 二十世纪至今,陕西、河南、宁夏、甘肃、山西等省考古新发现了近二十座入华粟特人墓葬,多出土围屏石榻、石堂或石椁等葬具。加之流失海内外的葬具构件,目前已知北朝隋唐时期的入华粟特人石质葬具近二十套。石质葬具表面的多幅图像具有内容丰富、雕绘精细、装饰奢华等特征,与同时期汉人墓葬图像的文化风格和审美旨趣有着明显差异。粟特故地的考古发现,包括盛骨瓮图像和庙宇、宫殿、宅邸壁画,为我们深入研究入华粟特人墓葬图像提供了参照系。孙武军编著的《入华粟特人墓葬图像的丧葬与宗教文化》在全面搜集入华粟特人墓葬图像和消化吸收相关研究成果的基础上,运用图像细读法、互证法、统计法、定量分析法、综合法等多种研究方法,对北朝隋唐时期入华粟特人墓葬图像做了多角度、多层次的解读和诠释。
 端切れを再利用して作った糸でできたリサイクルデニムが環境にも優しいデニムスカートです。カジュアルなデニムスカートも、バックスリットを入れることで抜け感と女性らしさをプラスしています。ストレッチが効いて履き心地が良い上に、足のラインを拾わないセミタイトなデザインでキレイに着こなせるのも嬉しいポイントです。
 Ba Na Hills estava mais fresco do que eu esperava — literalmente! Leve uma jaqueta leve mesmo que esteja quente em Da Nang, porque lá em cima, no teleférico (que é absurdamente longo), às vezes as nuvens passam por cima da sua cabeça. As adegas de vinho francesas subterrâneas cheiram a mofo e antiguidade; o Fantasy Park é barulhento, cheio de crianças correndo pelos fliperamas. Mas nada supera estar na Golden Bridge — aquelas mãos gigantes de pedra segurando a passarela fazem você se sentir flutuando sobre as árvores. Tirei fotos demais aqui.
────────────────────
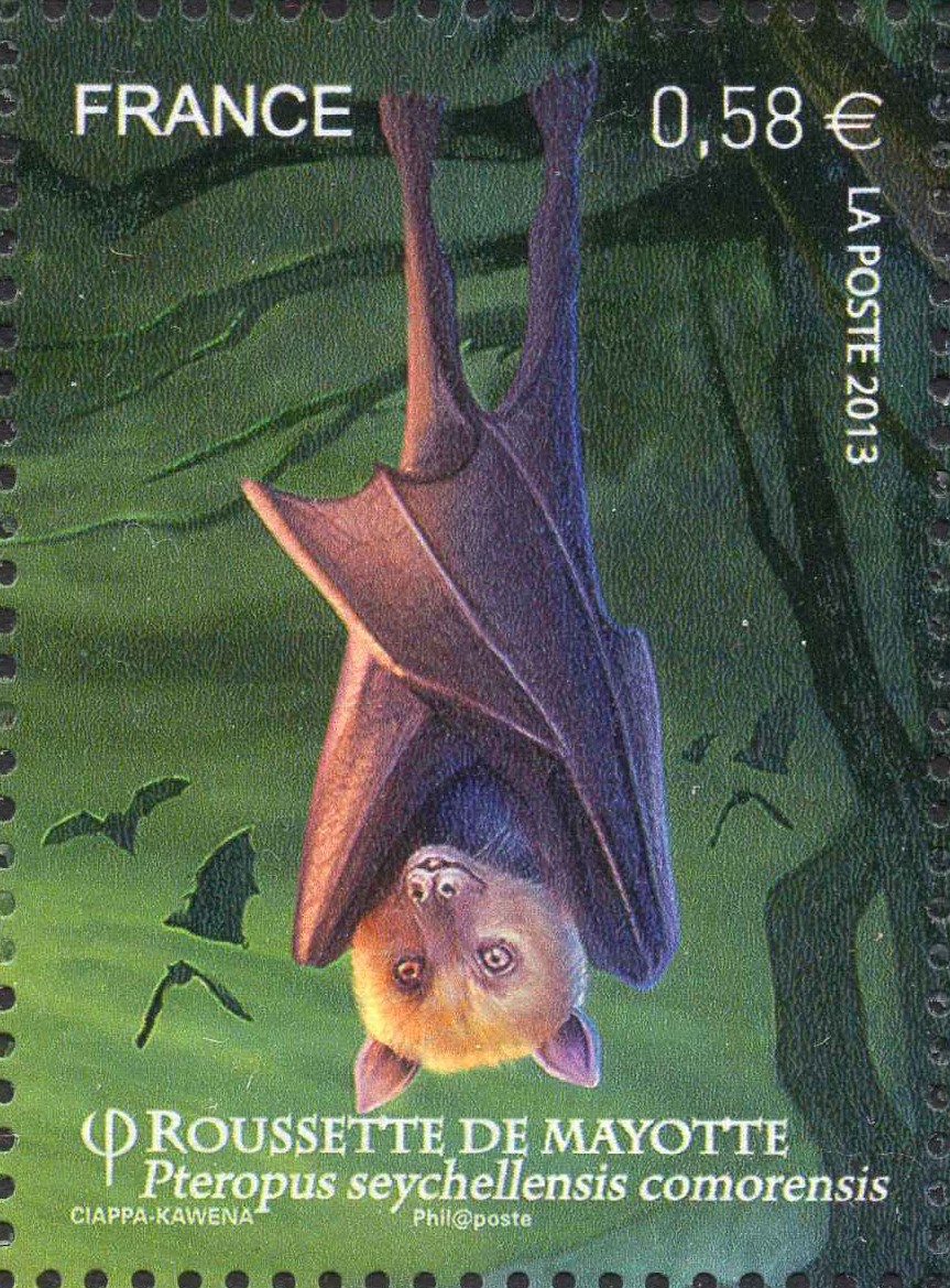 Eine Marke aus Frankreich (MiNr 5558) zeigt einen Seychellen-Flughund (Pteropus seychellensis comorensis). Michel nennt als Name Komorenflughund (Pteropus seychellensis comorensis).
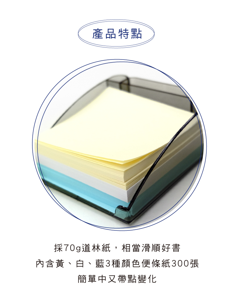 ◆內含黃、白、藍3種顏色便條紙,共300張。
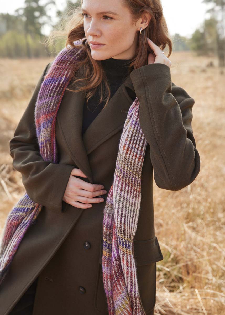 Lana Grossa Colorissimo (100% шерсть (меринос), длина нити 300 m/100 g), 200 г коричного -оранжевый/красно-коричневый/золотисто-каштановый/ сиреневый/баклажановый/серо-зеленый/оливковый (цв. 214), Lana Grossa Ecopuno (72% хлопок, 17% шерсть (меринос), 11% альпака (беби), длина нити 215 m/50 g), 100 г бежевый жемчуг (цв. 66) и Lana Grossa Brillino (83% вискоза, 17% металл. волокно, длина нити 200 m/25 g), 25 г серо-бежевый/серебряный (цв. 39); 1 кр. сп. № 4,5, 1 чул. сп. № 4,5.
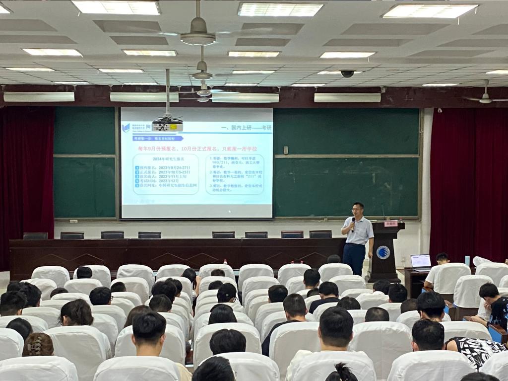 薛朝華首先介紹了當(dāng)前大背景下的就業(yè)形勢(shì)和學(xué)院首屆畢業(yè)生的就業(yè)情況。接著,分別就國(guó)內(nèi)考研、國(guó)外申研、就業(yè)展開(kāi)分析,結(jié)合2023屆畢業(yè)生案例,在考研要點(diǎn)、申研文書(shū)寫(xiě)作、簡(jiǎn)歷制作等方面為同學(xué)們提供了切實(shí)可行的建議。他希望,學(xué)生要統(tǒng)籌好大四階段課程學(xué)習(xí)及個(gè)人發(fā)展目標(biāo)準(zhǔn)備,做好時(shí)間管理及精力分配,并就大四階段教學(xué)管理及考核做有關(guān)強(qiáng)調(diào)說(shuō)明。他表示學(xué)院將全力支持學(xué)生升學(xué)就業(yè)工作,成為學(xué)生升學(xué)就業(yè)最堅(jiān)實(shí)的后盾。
────────────────────
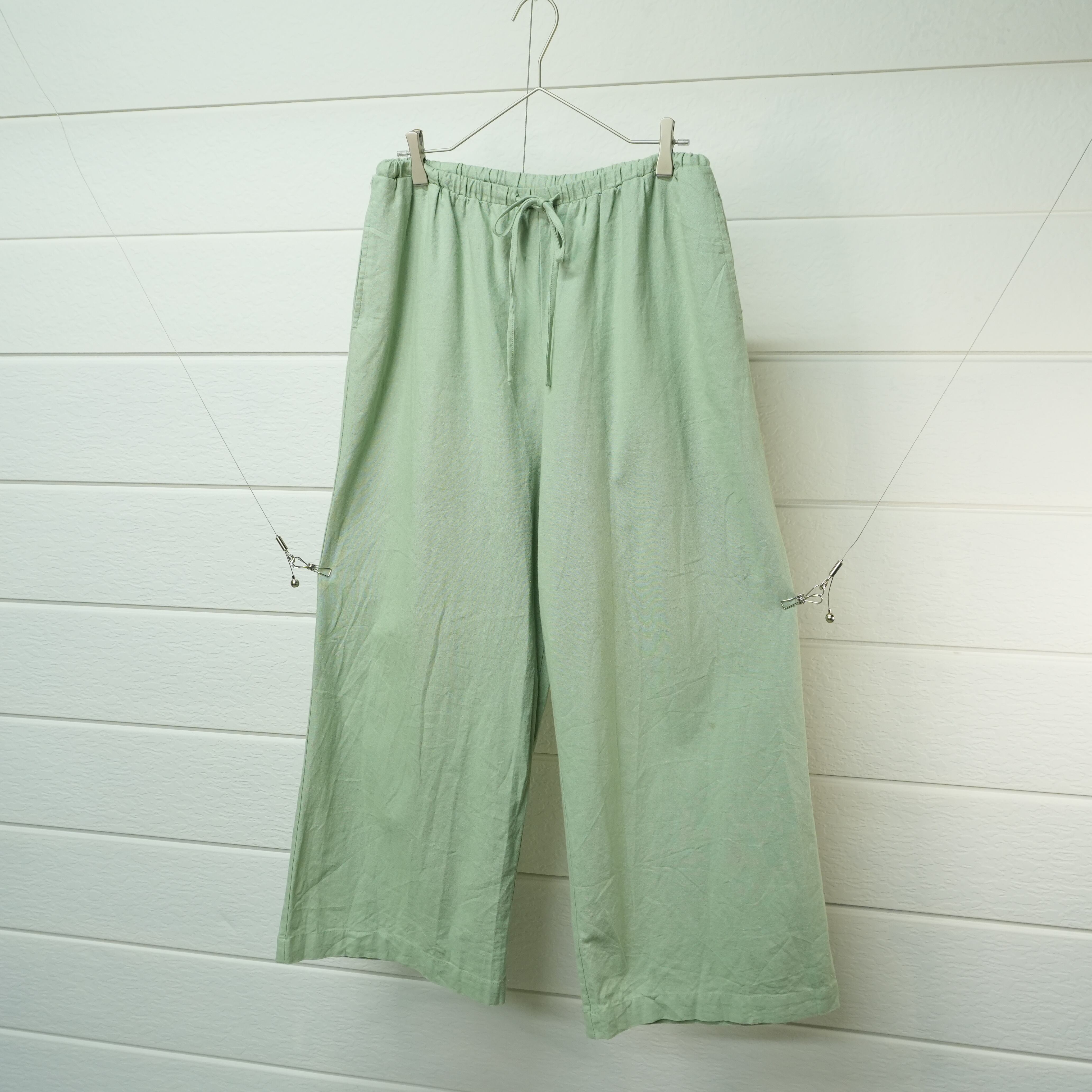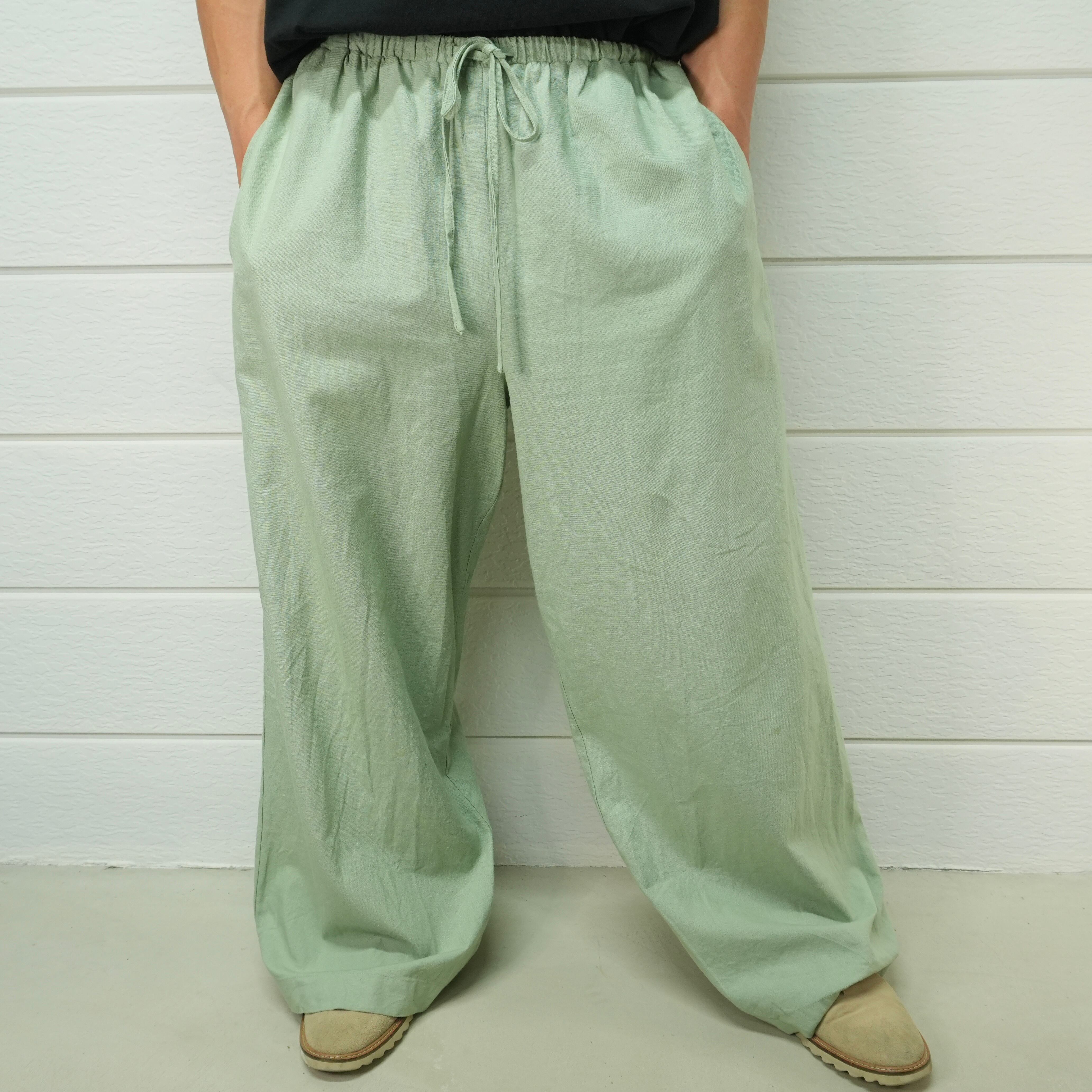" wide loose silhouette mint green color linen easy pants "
────────────────────
Requirement:
Look above for the line with "Lana Grossa Colorissimo" and the line with "薛朝華首先介紹了當(dāng", then restate exactly those two lines and all lines between them, with no pictures.

Problem solution:
 Lana Grossa Colorissimo (100% шерсть (меринос), длина нити 300 m/100 g), 200 г коричного -оранжевый/красно-коричневый/золотисто-каштановый/ сиреневый/баклажановый/серо-зеленый/оливковый (цв. 214), Lana Grossa Ecopuno (72% хлопок, 17% шерсть (меринос), 11% альпака (беби), длина нити 215 m/50 g), 100 г бежевый жемчуг (цв. 66) и Lana Grossa Brillino (83% вискоза, 17% металл. волокно, длина нити 200 m/25 g), 25 г серо-бежевый/серебряный (цв. 39); 1 кр. сп. № 4,5, 1 чул. сп. № 4,5.
 薛朝華首先介紹了當(dāng)前大背景下的就業(yè)形勢(shì)和學(xué)院首屆畢業(yè)生的就業(yè)情況。接著,分別就國(guó)內(nèi)考研、國(guó)外申研、就業(yè)展開(kāi)分析,結(jié)合2023屆畢業(yè)生案例,在考研要點(diǎn)、申研文書(shū)寫(xiě)作、簡(jiǎn)歷制作等方面為同學(xué)們提供了切實(shí)可行的建議。他希望,學(xué)生要統(tǒng)籌好大四階段課程學(xué)習(xí)及個(gè)人發(fā)展目標(biāo)準(zhǔn)備,做好時(shí)間管理及精力分配,并就大四階段教學(xué)管理及考核做有關(guān)強(qiáng)調(diào)說(shuō)明。他表示學(xué)院將全力支持學(xué)生升學(xué)就業(yè)工作,成為學(xué)生升學(xué)就業(yè)最堅(jiān)實(shí)的后盾。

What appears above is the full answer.